Mansidão à parte, é claro que houve capitulação. Não, é bom que se diga, diante do “mercado”, esta entidade incorpórea que leva a culpa quando os “keynesianos de quermesse” se sentem traídos. O que levou à rendição foi o desempenho pífio da política econômica que vigorou no primeiro mandato, pela qual Belluzzo, como interlocutor privilegiado da presidente, foi um dos responsáveis.

A “nova matriz macroeconômica” pôs em prática exatamente as prescrições de economistas como ele, que em momento algum discordou do que foi adotado. Do lado fiscal o gasto federal cresceu como nunca, atingindo no ano passado um aumento de R$ 193 bilhões relativamente ao observado em 2010, já deduzida a inflação. Disto, menos de R$ 20 bilhões correspondeu a investimento adicional, mesmo colocando no bolo a partir de 2013 os gastos ligados ao Minha Casa, Minha Vida, o que superestima a ampliação do gasto de capital.

Os bancos públicos também emprestaram como se não houvesse amanhã. Apenas no BNDES o volume de crédito saltou de 9,4% para 12,1% do PIB em quatro anos (R$ 170 bilhões em dinheiro de hoje), praticamente todo financiado pelo aumento da dívida do Tesouro Nacional, cujos repasses para o banco atingiram R$ 160 bilhões no período.

Seguindo as recomendações da “nova matriz”, a moeda sofreu desvalorização.
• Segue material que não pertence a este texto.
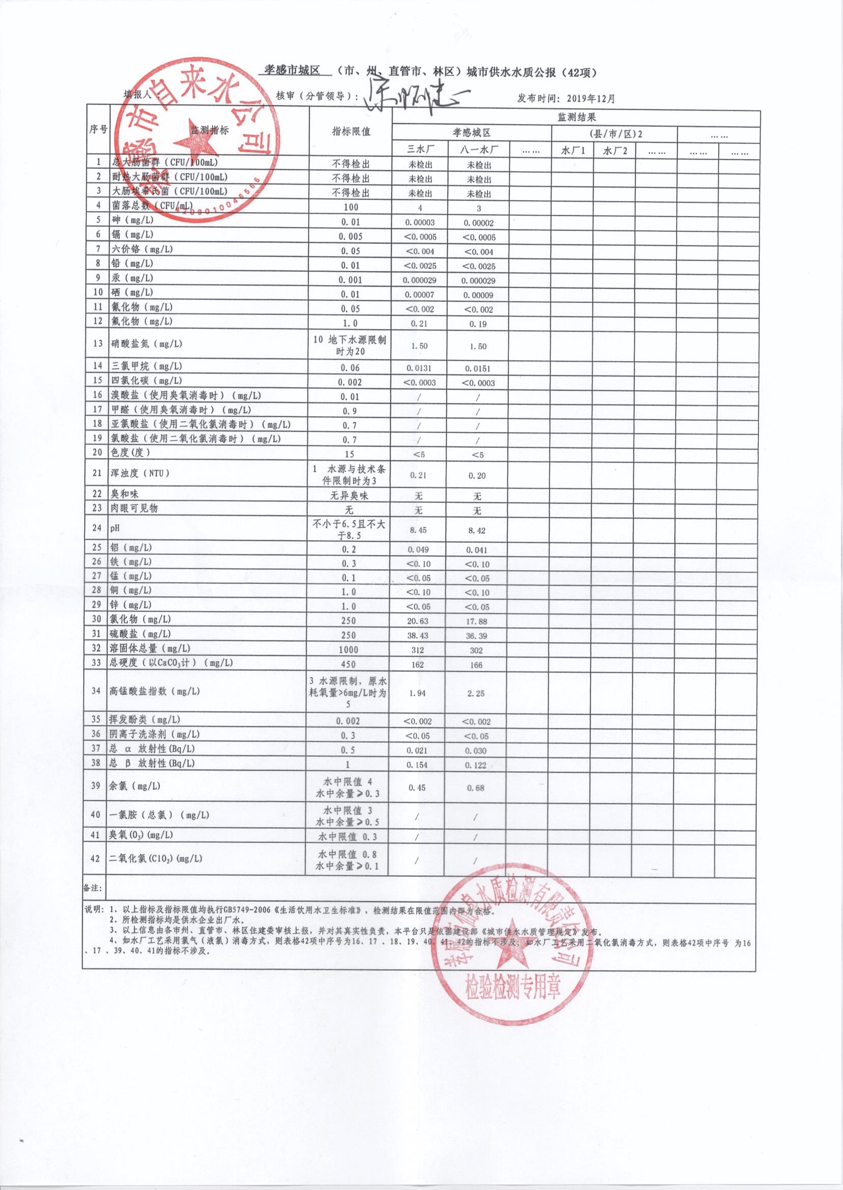 2019年12月水質(zhì)報(bào)告

Além das intervenções regulatórias (limites às vendas de dólar, IOF sobre ingressos, etc.), o Banco Central comprou cerca de US$ 63 bilhões em 2011 e 2012, trazendo o dólar de R$ 1,60-1,70 para R$ 2,10-2,20 entre 2011 e meados de 2013. No mesmo intervalo as demais moedas latino-americanas se apreciaram relativamente ao dólar, sugerindo que se tratou de política deliberada e não um movimento global, como o observado nos últimos meses.

Já o BC, mesmo em face de inflação acima da meta e crescente, insistiu em reduzir a taxa de juros de 2011 a 2012. Apenas a ameaça da inflação superar o limite máximo de 6,5% é que fez o Copom correr, tardia e relutantemente, atrás do prejuízo.
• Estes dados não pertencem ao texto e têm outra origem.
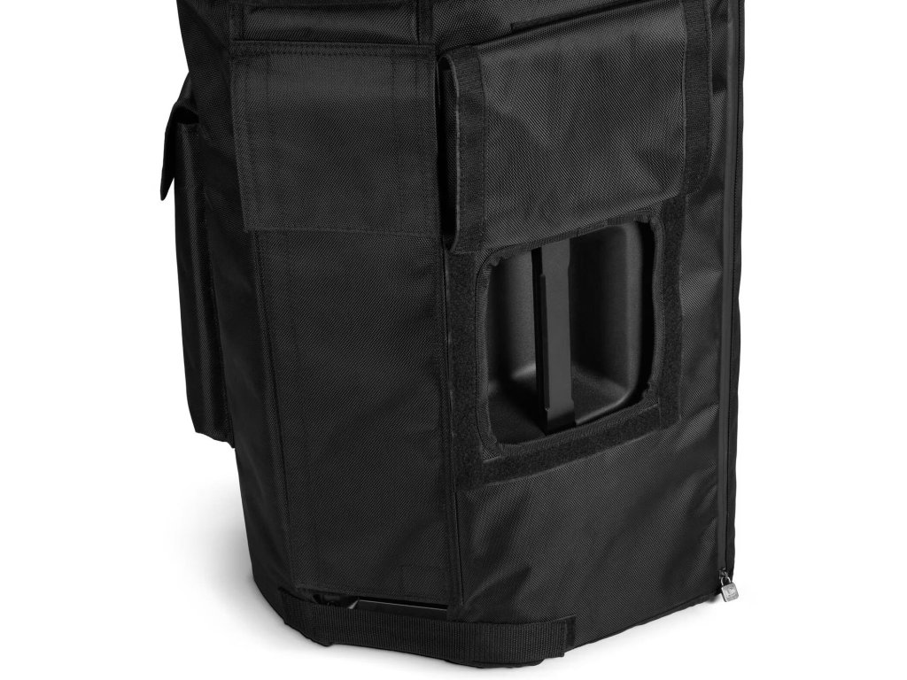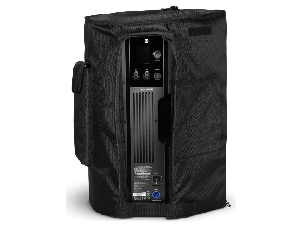 Liczne otwory na zamki błyskawiczne i rzepy oraz duża rolowana część przednia umożliwiają pełne korzystanie z głośnika ICOA z założonym pokrowcem ochronnym. Zewnętrzna kieszeń z boku pokrowca ochronnego oferuje wystarczająco dużo miejsca do przechowywania akcesoriów, takich jak kable zasilające i kable XLR.

Por fim, com as dificuldades de conter a inflação, houve recurso a controles diretos de preços, dos combustíveis à energia, passando pelas tarifas de ônibus urbanos, intervenção tosca que desarticulou, entre outros, os setores sucroalcooleiro e energético, para não mencionar o desastre nas finanças da Petrobras, que se tornou a empresa de petróleo mais endividada do mundo.

Os resultados estão aí: crescimento de 1,5% ao ano, inflação superior a 6% ao ano, déficits externos crescentes e uma dívida pública que saltou de 53% para 63% do PIB (aumento de R$ 1,2 trilhão). Em português castiço: deu com burros n’água...

A política agora adotada vem para corrigir as bobagens cometidas em nome da “nova matriz”, alegremente apoiada por Belluzzo. Já dizia Guimarães Rosa: “sapo não pula por boniteza, mas porém por precisão”.

Na ausência do ajuste fiscal não há como permitir o encarecimento do dólar sem efeitos ainda mais perversos sobre a inflação (enquanto na Europa, ele parece ignorar, o problema é a deflação), nem como reverter a tendência de aumento da dívida pública.


Há de custar caro? Há, mas o custo de por em casa em ordem, é bom deixar claro, é responsabilidade daqueles que a desarrumaram e Belluzzo fez parte, com gosto, deste time, não por acaso a caminho da Segundona.

Ai...


(Publicado 21/Jan/2014)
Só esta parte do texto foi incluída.